Its been awhile since I've updated my blog. I have started writing a lot more. I started writing poetry again. I started a Tumblr account but i'd rather I'd write on here. Its more private because no one reads my stuff anyways. Well, nobody probably reads my Tumblr Blog either but everyone seems to have a Tumblr these days. I finished reading a book The Forbidden Room, it was a great book with so many twists & turns.

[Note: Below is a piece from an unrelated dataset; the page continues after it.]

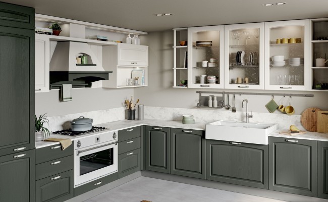 La cucina Grace di Creo Kitchens, firmata Gruppo Lube, interpreta lo stile classico con un tocco moderno, unendo richiami alla tradizione e grande attenzione alla funzionalità. Il suo design raffinato la rende perfetta per arredare con stile sia piccoli ambienti che ampie cucine, offrendo sempre soluzioni su misura per ogni esigenza.

I haven't written in here in a long time. Alot has happened since I last blogged. I got promoted to Assistant Manager at work. Jen & I moved to Verona in a nice 3 bedroom house. I work daylight now which I love much better then those other crazy shifts.
Kaylee is 4 now, she's growing up so fast. She should be going to Kindergarden next year I believe. I'm glad she'll be attending Stuarts Draft Elementary, that's where Donica & I went. Of course we went.to the old SD Elementary School.
Still haven't gotten divorced but I look forward to that day when it comes. I'm ready to be done & over with marriage. Don't ever want to make that mistake again.

Been Awhile

Its been awhile since I've been on here. I plan on updating my blogs regularly since I haven't been doing so. I've been working on my Website most of the day, haven't kept up with that either. I've been behind but I plan on keeping up but there's just so much to do & it seems like so little time to do it.